# Highlights/Lowlights/Toner??



## revinn (Aug 3, 2008)

Alright, so I'm completely clueless when it comes to hair. I mean, COMPLETELY stupid when it comes to styling, color, etc. So I'm thinking about revamping my hair style for university, but I'm a little terrified about putting color in my hair.

I have naturally red hair, but not the warm, orangey red/freckled type of red hair. My hair is more of a cool red, a copper color, a little auburn. It's always been fairly bright, but the older I get, the more it seems to fade. It breaks my heart when I look at my hair in certain lighting and it seems reddish brown, or even dark blonde with a red tinge. I love my red hair, and I just want to restore it to its former glory. My hair is long and layered, with the longest bit hitting the middle of my back. I have short, thick, sideswept bangs, and my hair is naturally a combination of waves and loose curls.

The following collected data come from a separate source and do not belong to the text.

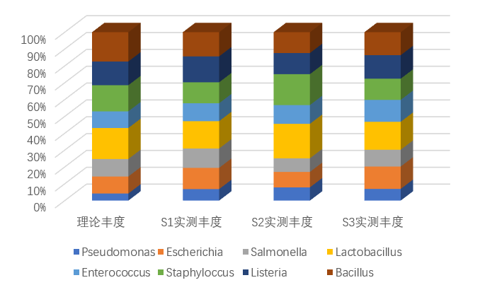 按照華大智造環(huán)境DNA宏條形碼測序組合產(chǎn)品的操作流程,采用根據(jù)已知物種構成和豐度的模擬樣本S1-S3(含8種細菌DNA標準品的混合樣本的3次重復),進行了重復性、物種檢出率以及物種豐度定量準確性三方面的對比分析。分析結果如圖1所示:預期物種全部檢出,實測豐度與理論豐度接近,3次重復差異小。
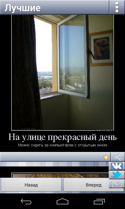 - Делиться демотиваторами в социальных сетях Twitter и VKontakte, а также отправка по Email
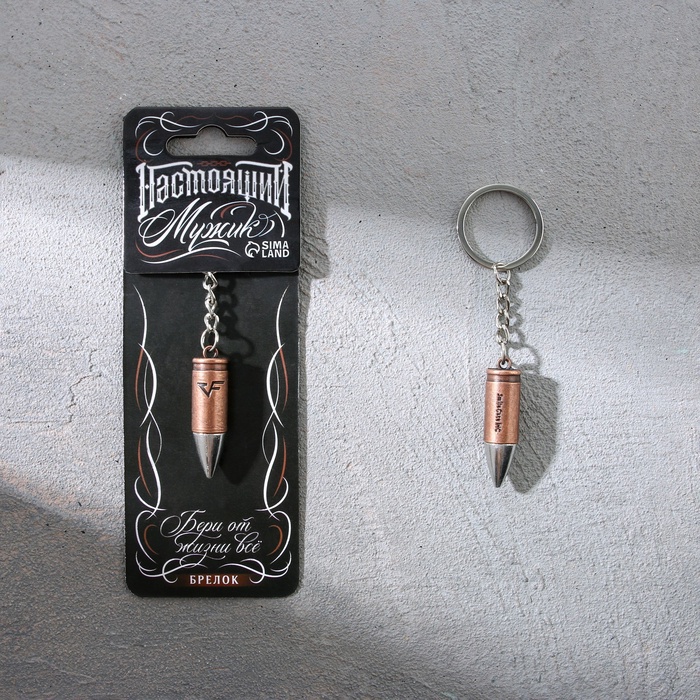 Metal keychain “Real man”, bullet, 1.2 x 6 cm
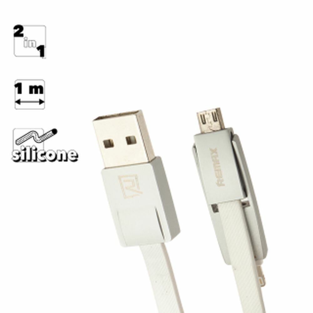 USB кабель Remax Strive 2в1 Cable RC-042t для смартфона Apple Lightning 8-pin, MicroUSB, серебряный
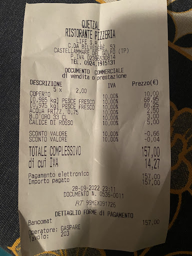The panoramic is amazing, location very strategic, hardly to find parking especially during peak season. Good attraction for tourist, if you looking for best scenery to represent Castellammare del golfo, fresh air, place for romantic dine out this is the place. My two star: Not being surrounding friendly for kids. There's so many angles around this restaurant contribute risk and danger for kids without attentive supervision from parents/adults. The hilly side, rocky type of soil might put your kids in evitable situation. I expect more warning sign or maybe build up fences as division and limit to No-enter area. Be very careful when you try to take some good looking photos. When I was there for some event booking, the owner quite rude and i felt offended for how they treating my family. The QR Code menu I found very troublesome, I'm aware we're in a modern world but things like special event and more discussion stuff they've asked me to be self-service myself, review the menu, choose whatever we like and save the date. That's it! Other staff talking with us whilst on phone conversation are no-manners at all. The food and the rest...for you guys to judge yourself. We not even have a chance to try them out as we were turned down by the property before...
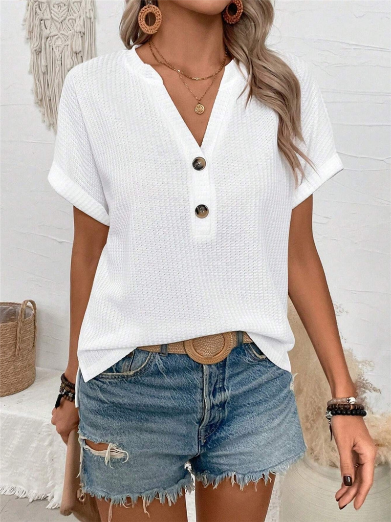 유럽과 미국의 국경 간 Amazon 2025 봄 여름 신제품 AliExpress 느슨한 V 넥 버튼 장식 캐주얼 여성 티셔츠스토어 가기

So here's the question. My cousin mentioned a "toner" to me, which (according to her) makes the hair shinier and enhances the natural color. Is this the case? Would this work?   I'm also considering getting highlights & lowlights in my hair, in woodsy cool reds in varying shades. Think Ashlee Simpson's new hair color, Lindsay Lohan's hair on the cover of Rolling Stone, etc. I have light blue-grey eyes, and I'm NC15 with pink undertones. Would this suit me?

I appreciate any comments, opinions or advice that you guys have to offer. TIA!


----------